Reference no: EM132344451
Question
1. Ocean City Kite Company sells kites for $8.50 per kite. In FY 2019, total fixed costs are expected to be $210,000 and variable costs are estimated at $4.00 a unit. Ocean City Kite Company wants to have a FY 2019 operating income of $75,000. Use this information to determine the number of units of kites that Ocean City Kite Company must sell in FY 2019 to meet this goal. (Round your answer to a whole number)
2.The following totals are used to create the CVP Income Statement for Frederick Company for FY2018:
Frederick Company
Selected Financial Figures
For the Year Ended 12/31/18
Sales (100 units) $10,000
Variable Costs:
Direct Labor $1,650
Direct Materials 1,200
Factory Overhead (variable) 2,000
Selling Expenses (variable) 600
Administrative Expenses (variable) 500
Fixed Costs:
Factory Overhead (fixed) $700
Selling Expenses (fixed) 1,000
Administrative Expenses (fixed) 1,000
Frederick Company utilizes a JIT production system and there are no Raw Materials, Work-in-Process or Finished Goods inventories. Use this information to determine FY 2018 Contribution Margin Percentage. Enter percentage to one decimal place. (example enter 35.5% as 35.5)

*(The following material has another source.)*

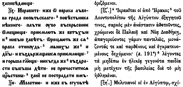 Иеракиты получили своё название от имени основателя — Иерака[1]. Иеракиты пользовались книгами Ветхого и Нового Завета; совершенно отвергали воскресение плоти. Выражения и фразы Священного Писания о воскресении толковали и понимали как относящиеся только к одной душе и называли это воскресением духовным.

3.The following totals are used to create a CVP Income Statement for Frederick Company for FY2018:
Frederick Company
Selected Financial Figures
For the Year Ended 12/31/18
Sales (100 units) $10,000
Variable Costs:
Direct Labor $2,000
Direct Materials 2,000
Factory Overhead (variable) 2,000
Selling Expenses (variable) 600
Administrative Expenses (variable) 500
Fixed Costs:
Factory Overhead (fixed) $900
Selling Expenses (fixed) 1,000
Administrative Expenses (fixed) 1,000
Frederick Company utilizes a JIT production system and there are no Raw Materials, Work-in-Process or Finished Goods inventories. Use this information to determine the FY 2016 breakeven point in units. Round and enter as a whole number.